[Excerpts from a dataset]
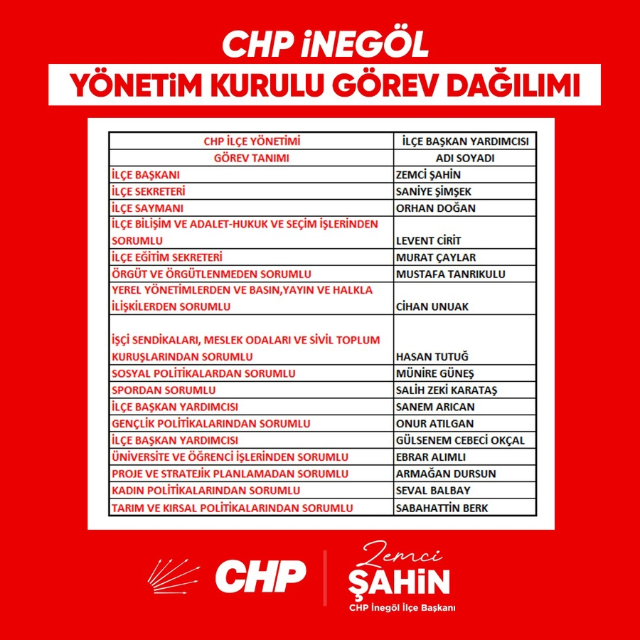 CHP İnegöl İlçe Başkanlığı’nın yeni yönetim kurulu görev dağılımı şu şekilde:
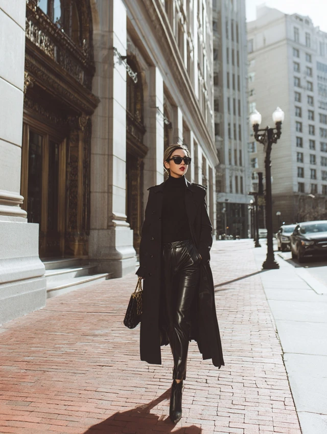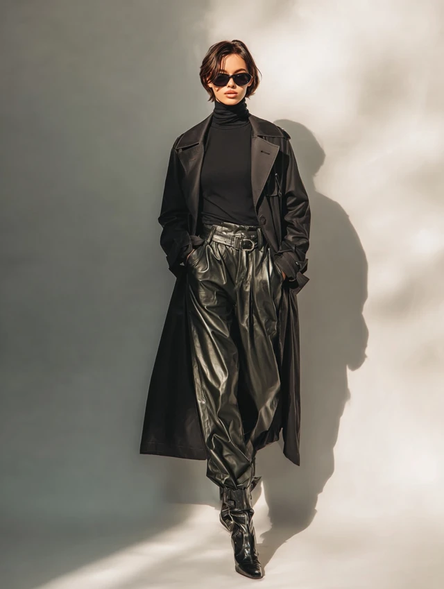 4. Black Trench Coat + Leather Pants + Turtleneck
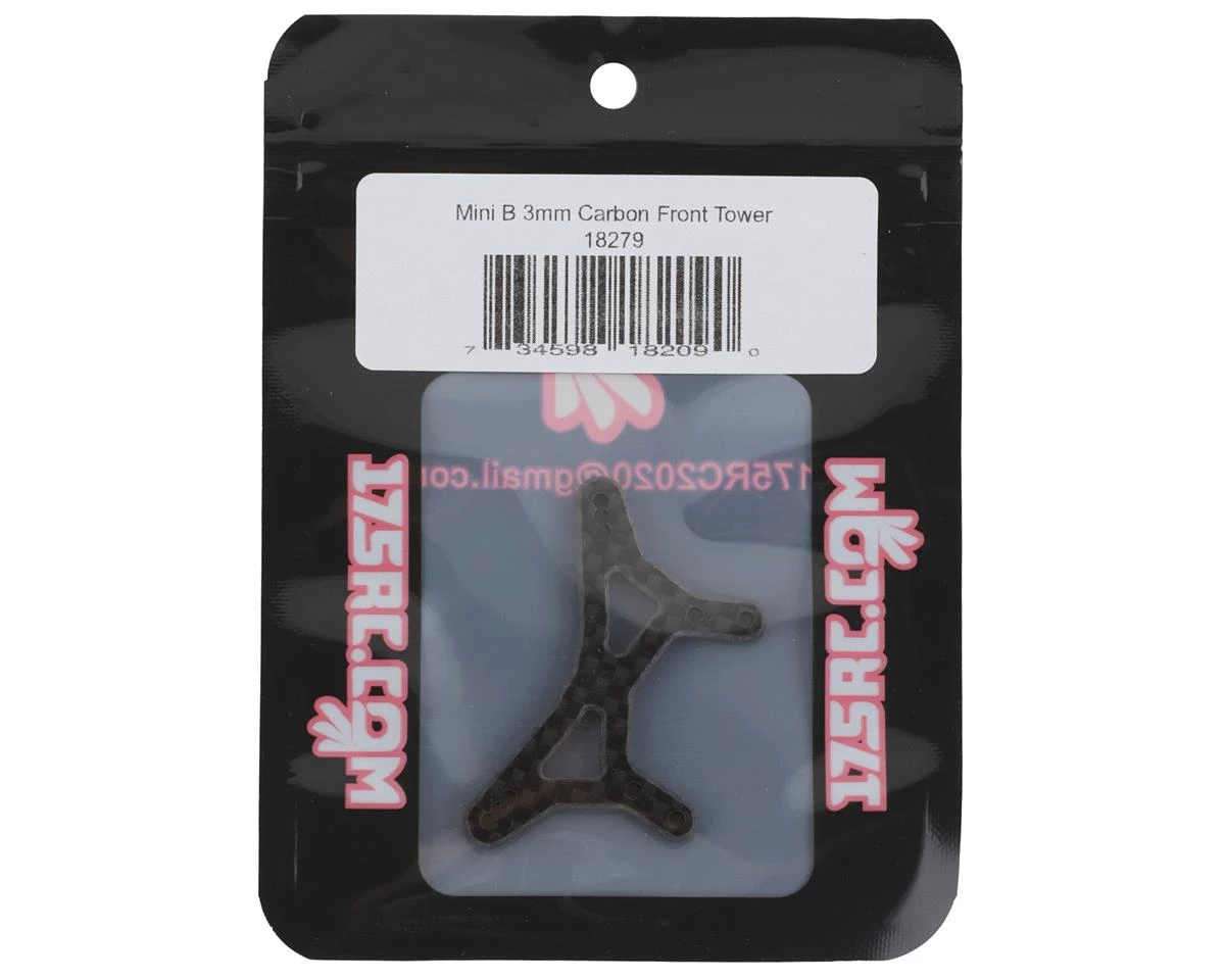 175RC Mini-B 3mm Carbon front Tower. This optional shock tower is intended for the Losi Mini-B. Using this will allow for a more rigid front shock tower adding consistency. Package includes one shock tower.
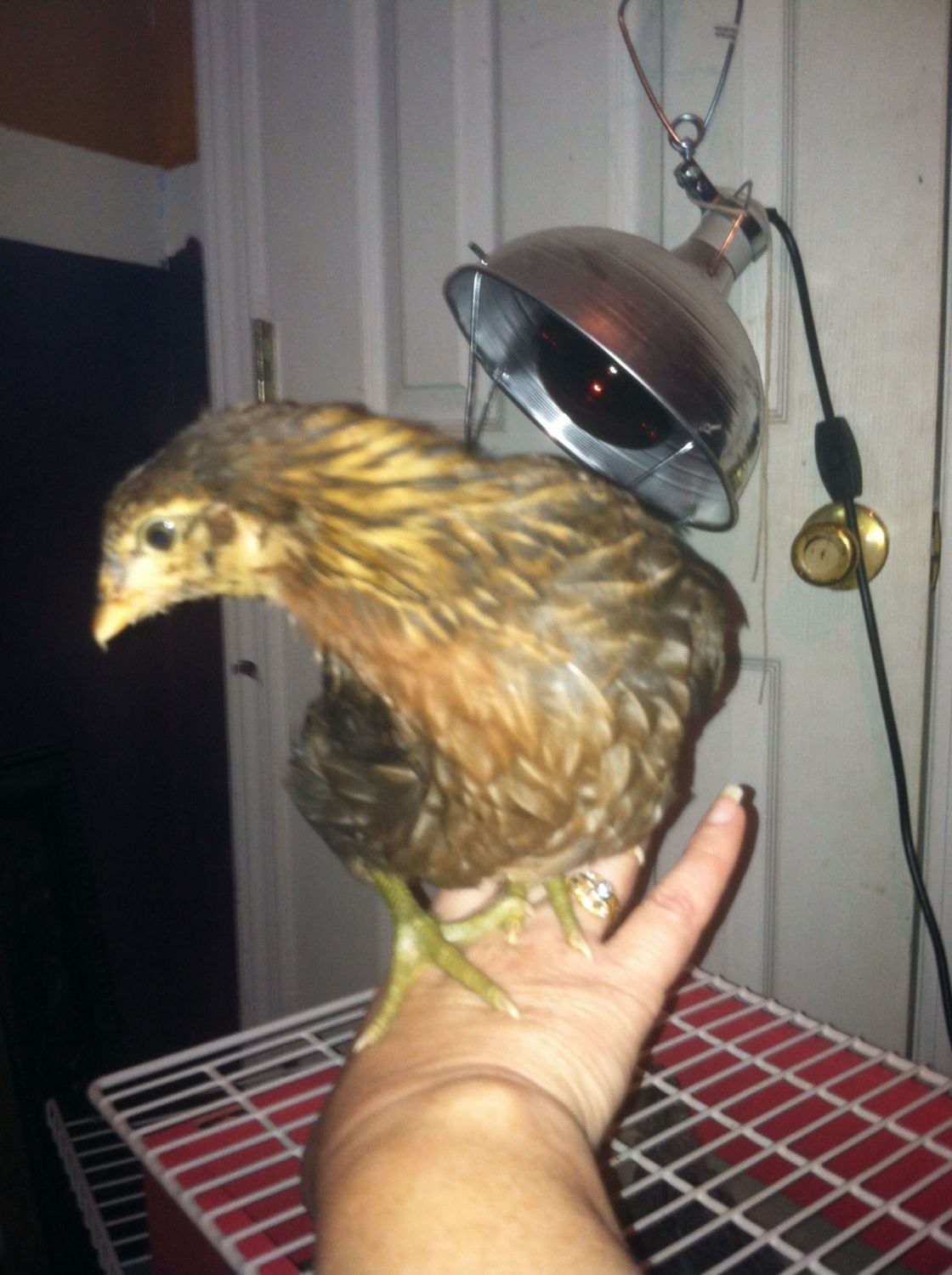 Please excuse unsolicited advice, but when chicks are fully feathered they do not need a heat source except in extreme cold. So if that heat lamp is for them, you can save on electricity. They don't need it, especially indoors.![]()
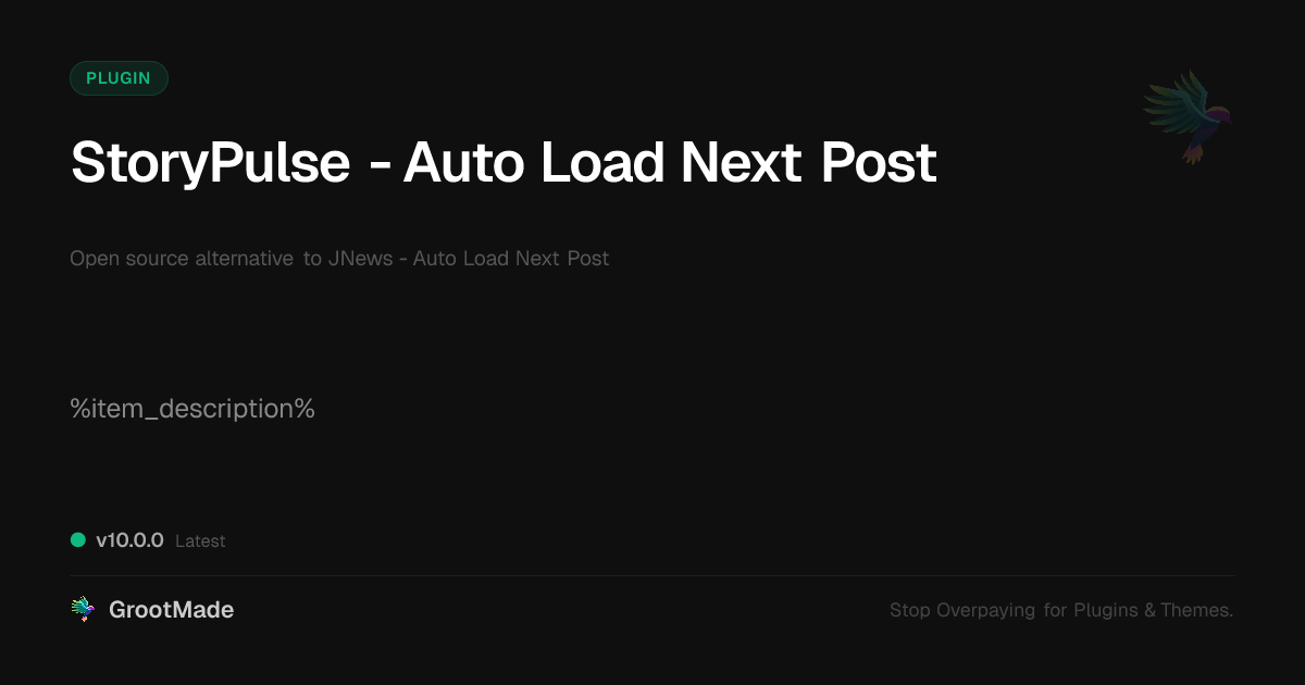 GrootMade is NOT affiliated with JNews - Auto Load Next Post or its original author. JNews - Auto Load Next Post™ is a trademark of its respective owner and use of it does not imply any endorsement or affiliation. This product has been forked under the GNU General Public License (GPL) and all non-GPL assets (such as proprietary images, fonts, and branding) have been removed. Distributing GPL-licensed code is 100% legal.
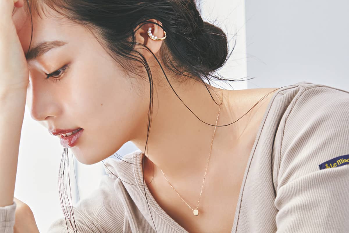 パールのハグカフとコインネックレスのコンビは、ボリューム感を計算してバランスよく。ラフなカットソーも、こびない甘さでクラシカルな趣きに。 ハグカフ〈SV925+YGコーティング、SUS+YGコーティング、淡水パール〉¥15,000ネックレス〈K10YG〉¥22,000(ともにete)カットソー¥11,000(ルミノア/ゲストリスト)
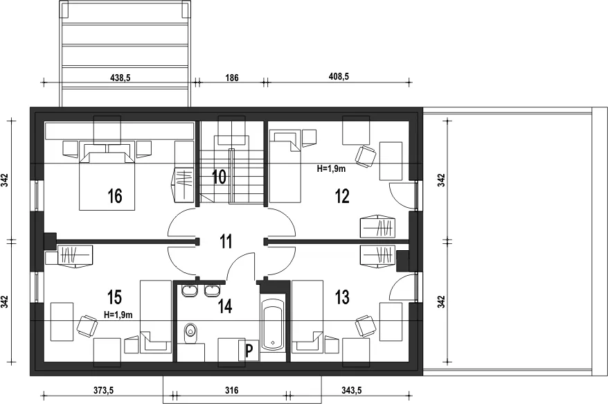 15. Pokój – 9,9 m² (14,8 m²)
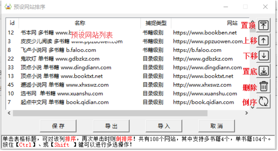 支持预设网站的添加、修改、导入、导出、排序、删除;

**Problem details:** An exact, word-for-word copy of the records is expected, with no pictures in it.

**Exercise result:**
 CHP İnegöl İlçe Başkanlığı’nın yeni yönetim kurulu görev dağılımı şu şekilde:
 4. Black Trench Coat + Leather Pants + Turtleneck
 175RC Mini-B 3mm Carbon front Tower. This optional shock tower is intended for the Losi Mini-B. Using this will allow for a more rigid front shock tower adding consistency. Package includes one shock tower.
 Please excuse unsolicited advice, but when chicks are fully feathered they do not need a heat source except in extreme cold. So if that heat lamp is for them, you can save on electricity. They don't need it, especially indoors.![]()
 GrootMade is NOT affiliated with JNews - Auto Load Next Post or its original author. JNews - Auto Load Next Post™ is a trademark of its respective owner and use of it does not imply any endorsement or affiliation. This product has been forked under the GNU General Public License (GPL) and all non-GPL assets (such as proprietary images, fonts, and branding) have been removed. Distributing GPL-licensed code is 100% legal.
 パールのハグカフとコインネックレスのコンビは、ボリューム感を計算してバランスよく。ラフなカットソーも、こびない甘さでクラシカルな趣きに。 ハグカフ〈SV925+YGコーティング、SUS+YGコーティング、淡水パール〉¥15,000ネックレス〈K10YG〉¥22,000(ともにete)カットソー¥11,000(ルミノア/ゲストリスト)
 15. Pokój – 9,9 m² (14,8 m²)
 支持预设网站的添加、修改、导入、导出、排序、删除;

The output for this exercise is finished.